I bought some to play with. Can someone give me a starting point for how much to use? I'm not looking for dark colors. With my ultramarines I use about 1/4 tsp in 2 cups of soap.


----------



## Faye Farms (Sep 14, 2009)

I usually use 1 tsp. ppo. Have fun!


----------



## Kalne (Oct 25, 2007)

Okay....so I checked the website and it said about 1/4 tsp per 4 oz bar. So I tested 9 colors today and used that rate on 4.5 oz bars (which is about what you said, Heather). Now I see why they call them 'POP' micas. LOL I'm going to run another test after these get out of the molds and try 1/8 tsp per bar.


----------



## mill-valley (Feb 22, 2008)

I'd love to see pictures if you can get some....


----------



## Kalne (Oct 25, 2007)

Yes....I plan to post pictures once I'm done. I just hope they don't ash making the color harder to see. In this cold weather I tend to get more ash. :/ So far the Raspberry has turned more terra-cotta and the Blueberry is a nice shade of turquoise....but really no surprise there as milk soap seem to have that affect on pinks and blues in my experience anyway. I'm going to try those two without milk to see what I can get. If I'm desperate for those colors I can always make my swirl or layer portion without milk.


----------



## adillenal (Feb 6, 2009)

My blueberry pop turns green in goat milk soap. I made a water batch (first ever) to test the color and it is smurf blue. Made another batch of GM with the blueberry POP and it is green so it looks like I can't get a blue with the blueberry. Here is a pic. But I get a nice lavender from the grape.


----------



## Kalne (Oct 25, 2007)

Oh now I like the smurf blue! :LOL I sure hope mine doesn't turn so green LaNell!
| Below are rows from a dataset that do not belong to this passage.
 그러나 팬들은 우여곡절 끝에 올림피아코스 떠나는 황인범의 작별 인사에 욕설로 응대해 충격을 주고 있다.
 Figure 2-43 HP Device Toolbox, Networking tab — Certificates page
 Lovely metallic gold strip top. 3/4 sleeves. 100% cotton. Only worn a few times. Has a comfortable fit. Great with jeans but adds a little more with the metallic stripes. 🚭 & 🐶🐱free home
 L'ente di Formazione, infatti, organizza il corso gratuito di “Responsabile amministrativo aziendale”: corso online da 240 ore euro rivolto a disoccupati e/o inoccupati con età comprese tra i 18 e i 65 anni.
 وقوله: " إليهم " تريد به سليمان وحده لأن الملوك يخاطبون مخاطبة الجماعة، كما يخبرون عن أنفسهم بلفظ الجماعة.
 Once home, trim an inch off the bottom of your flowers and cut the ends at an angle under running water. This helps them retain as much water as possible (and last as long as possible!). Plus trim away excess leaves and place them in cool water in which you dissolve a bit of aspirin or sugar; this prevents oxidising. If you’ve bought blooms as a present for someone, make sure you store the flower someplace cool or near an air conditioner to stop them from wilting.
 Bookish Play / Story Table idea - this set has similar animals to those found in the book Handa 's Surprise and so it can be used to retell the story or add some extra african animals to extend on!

This a.m. the tangerine has lightened considerably though there are still a few spots of the original strong color....hoping it evens out at least. Now I wish I had taken a pic right when I poured to note the differences. 

The blueberry started out a very strong bright blue then went more turquoise-y by evening. Now this a.m. I think it's gotten bluer but still turquoise-ish.
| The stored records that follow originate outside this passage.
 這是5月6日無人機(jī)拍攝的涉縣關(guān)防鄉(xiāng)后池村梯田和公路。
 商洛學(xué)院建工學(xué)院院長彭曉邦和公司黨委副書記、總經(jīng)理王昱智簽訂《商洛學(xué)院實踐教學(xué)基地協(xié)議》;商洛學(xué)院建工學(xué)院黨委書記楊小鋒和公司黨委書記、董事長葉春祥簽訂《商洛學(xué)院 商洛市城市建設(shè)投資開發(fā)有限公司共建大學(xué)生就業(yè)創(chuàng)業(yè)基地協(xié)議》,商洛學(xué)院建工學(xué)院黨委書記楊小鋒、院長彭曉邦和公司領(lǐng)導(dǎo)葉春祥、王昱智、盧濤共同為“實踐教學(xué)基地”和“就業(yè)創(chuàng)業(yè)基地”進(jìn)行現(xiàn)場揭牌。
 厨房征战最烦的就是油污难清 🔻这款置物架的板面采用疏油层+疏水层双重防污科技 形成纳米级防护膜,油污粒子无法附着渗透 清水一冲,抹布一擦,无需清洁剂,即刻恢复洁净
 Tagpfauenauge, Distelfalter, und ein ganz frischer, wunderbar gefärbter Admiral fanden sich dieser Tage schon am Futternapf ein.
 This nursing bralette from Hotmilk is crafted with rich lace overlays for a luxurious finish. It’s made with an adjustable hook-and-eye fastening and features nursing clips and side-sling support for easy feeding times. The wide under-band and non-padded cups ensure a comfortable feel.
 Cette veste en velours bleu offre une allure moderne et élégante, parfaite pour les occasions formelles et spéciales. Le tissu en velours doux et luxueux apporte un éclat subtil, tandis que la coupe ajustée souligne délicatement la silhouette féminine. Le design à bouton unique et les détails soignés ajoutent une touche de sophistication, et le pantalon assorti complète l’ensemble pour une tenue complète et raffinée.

The Apple is very bright green. Hoping it will tone down more. 

The grape is exactly what I would expect but honestly about the same I get with um violet. 

The Lemon is not as bright as last night but it's still a very nice yellow....it was too bright before. I'm really happy about that because I've been wanting a good yellow. 
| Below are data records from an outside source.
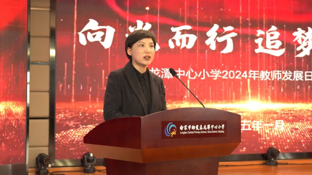 ─ 1月17日,南京市栖霞区龙潭中心小学教育集团在龙岸花园校区报告厅举行“向光而行,追梦持愿”2024年教师发展日活动。 龙潭街道二级调研员袁秀平 龙潭街道人大工委主任李斌 栖霞区教育局副局长陈婷婷 龙潭街道党政办主任曹安定 龙潭街道教育办主任高欣 龙小教育集团党总支书记陈志军 龙小教育集团校长吴兴林 龙小教育集团全体教职工 《魅力校园》制片部荣誉出品 集团书记致辞 龙小教育集团党总支书记陈志军首先致辞,他对过去一年集团取得的各项成绩表示肯定,希望2025年全体教师继续铆足干劲,追光前行。 本次活动共分为三个篇章。在第一篇章中,教师带来的舞蹈《一起向未来》,展现了龙小教育集团教师积极向上的精神风貌。靖安小学带来三句半《赞龙小》,用幽默诙谐的方式表达了对学校发展的赞美。龙潭街道办事处带来歌曲《绒花》,歌声悠扬婉转。龙小音乐组的民乐合奏《兰亭序》,江畔人家校区的情景剧《师生喜乐汇》等节目精彩纷呈,充分展示了龙小教育集团教师的多才多艺。 舞蹈《一起向未来》 三句半《赞龙小》 歌曲《绒花》 民乐合奏《兰亭序》 情景剧《师生喜乐汇》 第二篇章中,龙小教育集团行政代表带来迎新年歌曲串烧,温暖的歌声传递着新年的美好祝福。美术组的《鎏光溢彩show》,为传统艺术注入青春活力。特别设立的竞答环节《追光教育路》,以四校区为单位展开激烈角逐,不仅增进了教师之间的交流,也提升了大家对教育理念的理解。长江小学教师团队带来的表演唱《小美满》,唱出了教育事业带来的美好与幸福。 第三篇章中,访谈节目《爱在龙小 向光而行》,通过与老、中、青三代教师代表对话,分享他们在学校的教育故事,展现了龙小教育精神的传承。龙潭中心小学本部带来的歌舞《阳光路上》,寓意着龙小教育人在教育之路上勇往直前。活动最后,全体人员齐诵《百年龙小铭》,唱响《龙小吟》,铿锵的词句、激昂的旋律将现场气氛推向高潮。 访谈节目《爱在龙小 向光而行》 歌舞《阳光路上》 齐诵《百年龙小铭》,唱响《龙小吟》 活动最后,龙潭街道二级调研员袁秀平发表讲话,他对龙小教育集团的发展给予高度评价,并表示街道将一如既往地支持龙小集团教育事业。 编辑:朱珺 编导:朱珺 摄像:王景朗坤 ▼ — 专注南京教育22年 — 长按或扫描二维码 关注 南京魅力校园 运营:李雯 丁蓉 罗媛媛 徐佳佳 审核:马群 刘云 统筹:朱珺 陈珍 监制:沈峰 ? 南京魅力校园 本平台的图文视频均为《魅力校园》栏目组自主拍摄和制作。未经授权,不得转载,转载需注明出处。平台所使用的其他图片及音乐如属于相关权利人所有,请相关权利人随时与我们联系以协商授权或删除事宜。 点击蓝字 关注南京魅力校园 ─
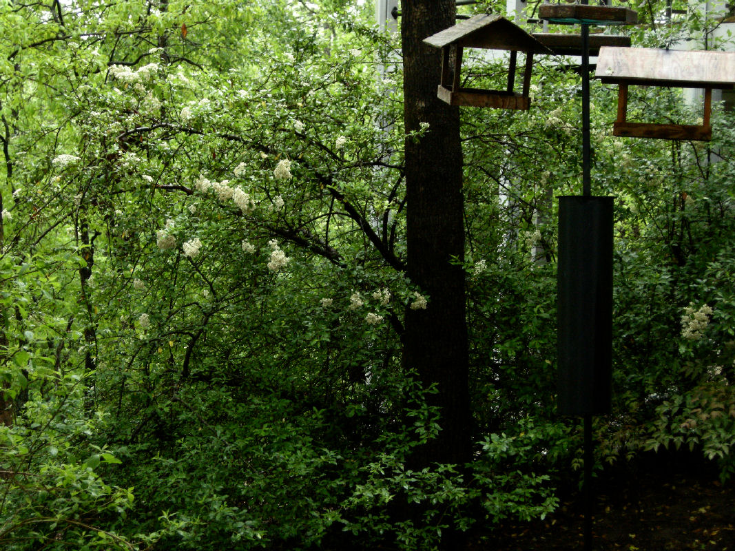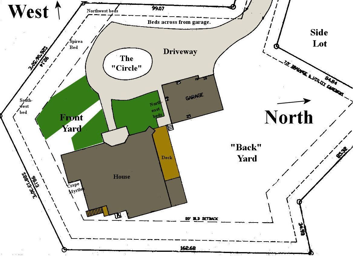 is what we call the back yard. Move the cursor around the picture below for names of plants and click for pics and more info.
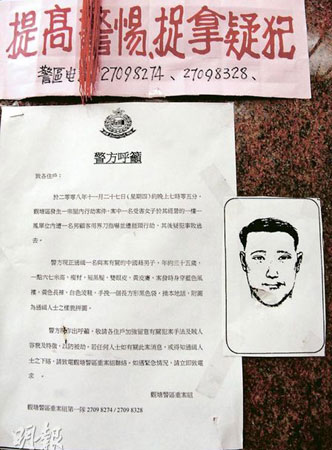 警方1日晨返回土瓜灣道鳳姐兇案現(xiàn)場,向街坊派發(fā)問卷,至1日晚,西九龍總區(qū)刑事總部總督察鐘志明再率領30多名重案組探員登上涉案鳳樓調查,又持一份區(qū)內鳳姐名單,分成多組逐戶拍門派發(fā)問卷。有鳳姐指出,探員曾詢問有否見過一個年約30余歲、5呎10吋高、身穿黑衣黑褲及背斜袋的可疑男子出沒,又叮嚀她們要小心門戶。

And the Raspberry is still on the terra cotta side with a bit of pink to it. 

Oh, and I did one with the pearl white just to see what it would do and did make the soap a lighter shade than normal.

Right now, as the colors stand, the blueberry and lemon would be gorgeous together and if the colors hold I'll be looking for a scent to do that with.  I don't want all my soaps vividly colored but it's nice to have a few that stand out that way. 

I did scent all of these but I used FOs that I knew would not discolor.


----------



## mill-valley (Feb 22, 2008)

Does your ultramarine violet stay purple in GM soap? Mine turns a nasty shade of gray .


----------



## Kalne (Oct 25, 2007)

No...it stays purple. If you look at the swap photos I used it on my soap there. And if you look at my website you can see it in my Black Raspberry soap though the soap's a little dark so it doesn't stand out much. And the um blue I use in my Fresh Linen stays blue and not green. But I went through a lot of batches to figure out just how much to use. And some FOs will make it green no matter what.


----------



## mill-valley (Feb 22, 2008)

Mind if I ask where you buy it from? My blue usually stays pretty good...and purple works great if I don't use GM :/.


----------



## Sondra (Oct 25, 2007)

OK I know I know I am really stupid when it comes to colors etc but what is POP


----------



## Kalne (Oct 25, 2007)

That's just what they are called....I guess because the color 'pops'.

Beth....my um's came from Wholesale Supply. I bought them 2 or 3 years ago. I only use a tsp or less at a time so they last.


----------



## adillenal (Feb 6, 2009)

I bought my POP micas from TKB Trading.


----------